Le pain d’aujourd’hui est différent de celui d’hier

Les troubles digestifs et les réactions cutanées ne sont que quelques exemples des conséquences de la nutrition moderne. L’intolérance au gluten est la principale maladie liée aux céréales. Il semble qu’une partie de l’explication de ces problèmes réside dans le rôle que l’homme a joué dans la sélection des céréales. Les variétés qui contiennent de plus en plus de gluten ont été privilégiées, car plus faciles à travailler.
L’hybridation et la manipulation génétique ont également entraîné de profonds changements dans la structure des protéines des céréales et dans la qualité de l’amidon. Le résultat est un pourcentage plus élevé de gluten avec des gliadines plus résistantes, un amidon avec un potentiel allergène plus élevé.
En fait, il semble que les variétés de blés anciens, non manipulées, soient beaucoup mieux tolérées. De plus, ces céréales représentent une réserve fondamentale pour la biodiversité. C’est une ressource à exploiter pour les territoires qui ne s’adaptent pas à la culture intensive ainsi qu’un grand potentiel pour la nouvelle génération de boulangers et amateurs, intéressés par le goût et les différentes textures que ces céréales apportent au pain.

Une mention spéciale va à la farine d’épeautre (Triticum spelta et dicoccum). Bien qu’elle soit incluse parmi les farines faibles, la farine d’épeautre s’avère être une variété ancienne très adaptée à la boulangerie.
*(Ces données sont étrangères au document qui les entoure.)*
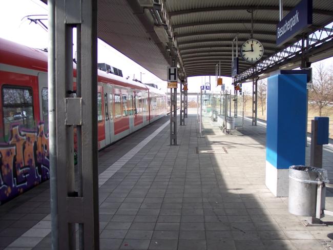 So, nun sind wir ein Häuschen weiter: Das ist der S-Bahnhof München Flughafen. Da bin ich dann als nächstes hin. Zu Fuß wär ich nicht weiter vorgekommen, da kommt ja das Vorfeld. Also kann man nur mit der S-Bahn weiter.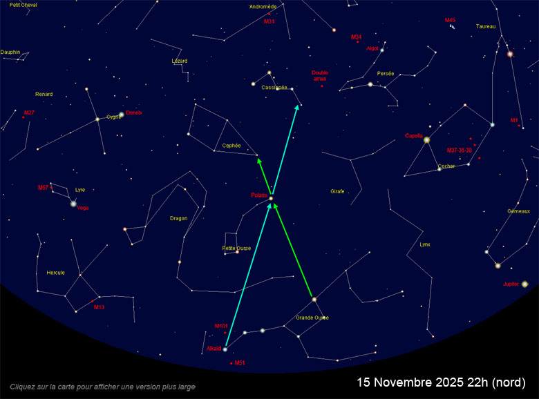 Constellation circumpolaire (c’est à dire qui tourne autour de l’étoile polaire sans jamais disparaître sous l’horizon), elle est le repère fondamental pour trouver l’étoile polaire et les autres constellations principales du ciel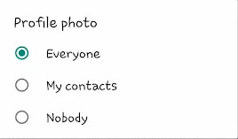Nobody: Anyone else except you cannot view your WhatsApp profile picture. If you want your profile picture to be completely private, you can pick this option.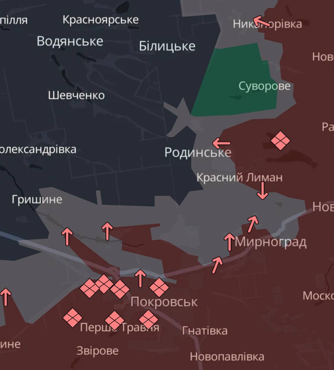 Ворог здійснив 40 атак. За уточненою інформацією, окупанти намагалися просунутися у районах населених пунктів Вільне, Затишок, Мирноград, Новоолександрівка, Родинське, Покровськ, Котлине, Удачне, Новопідгородне, Молодецьке, Дачне, Філія, Шевченко та у бік Торецького. Шість боїв досі тривають.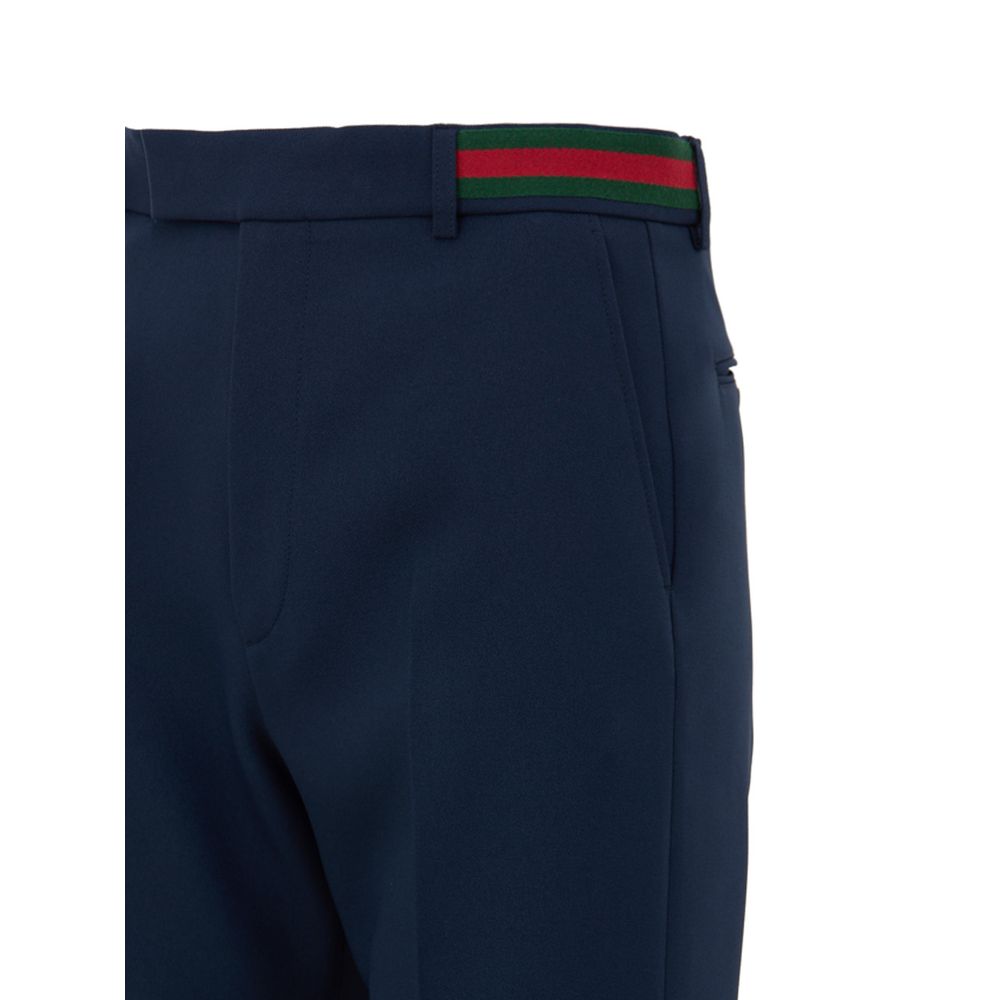 Blue Tailored Trousers with Gucci Web Tape Detail.
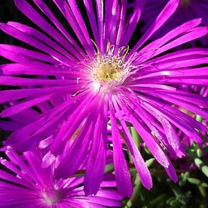 おはようございます😊 マツバギク ハマミズナ科 多年草 花言葉「心広い愛情、忍耐」 開花期 4~8月頃 散歩🚶♀️で出会った綺麗なお花。日中晴れた時は開花してます💖 ☔、☁️、夜間は花は開いてません。 お天気が良い日に出会い良かったです💖😍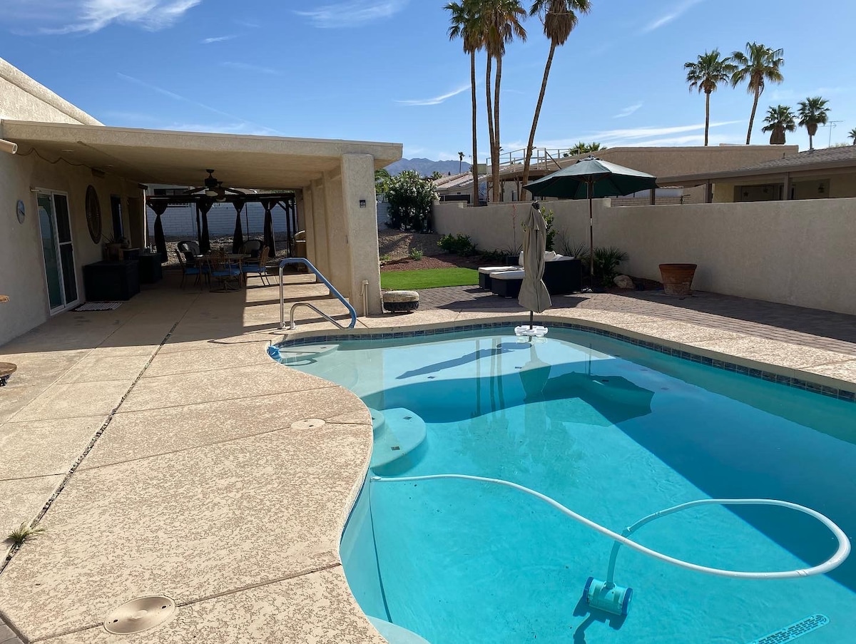 REFRESHED HOME 2024 - This Tropical Oasis Pool Home with Backyard Misters is waiting for you! Our home features 3 bedrooms & 2 bathrooms & is Immaculately clean. This home is conveniently located near everything in Lake Havasu & minutes away from Windsor Launch Ramp. It has new paint, new appliances, new towels, new cookware, 75" smart TV in the living room & 75" in master, BBQ, & much more! This home is perfect for bringing your family or entertaining your friends any time of the year.

Le pain contemporain : attention à la mode

Aujourd’hui, la nourriture est d’autant plus contemporaine qu’elle est naturelle. Naturel, authentique, ce sont les caractéristiques qu’un produit doit posséder pour attirer un consommateur moderne. Les mots, cependant, ont un poids et leur utilisation aveugle a des conséquences. Que signifie naturel ? Rien de ce qui est fait par l’homme n’est naturel, encore moins l’agriculture.

Le pain, pour être sain et naturel, doit rester tout simplement bien fait. Un pain est d’autant plus sain que les ingrédients de base, à savoir la farine, la levure, l’eau et le sel, sont de qualité. Et, comme nous l’avons vu, la qualité de la farine est l’élément clé. La valeur ajoutée sera l’utilisation du levain et une faible quantité de sel, conformément aux directives internationales qui exigent une consommation de sel inférieure à 5g par jour.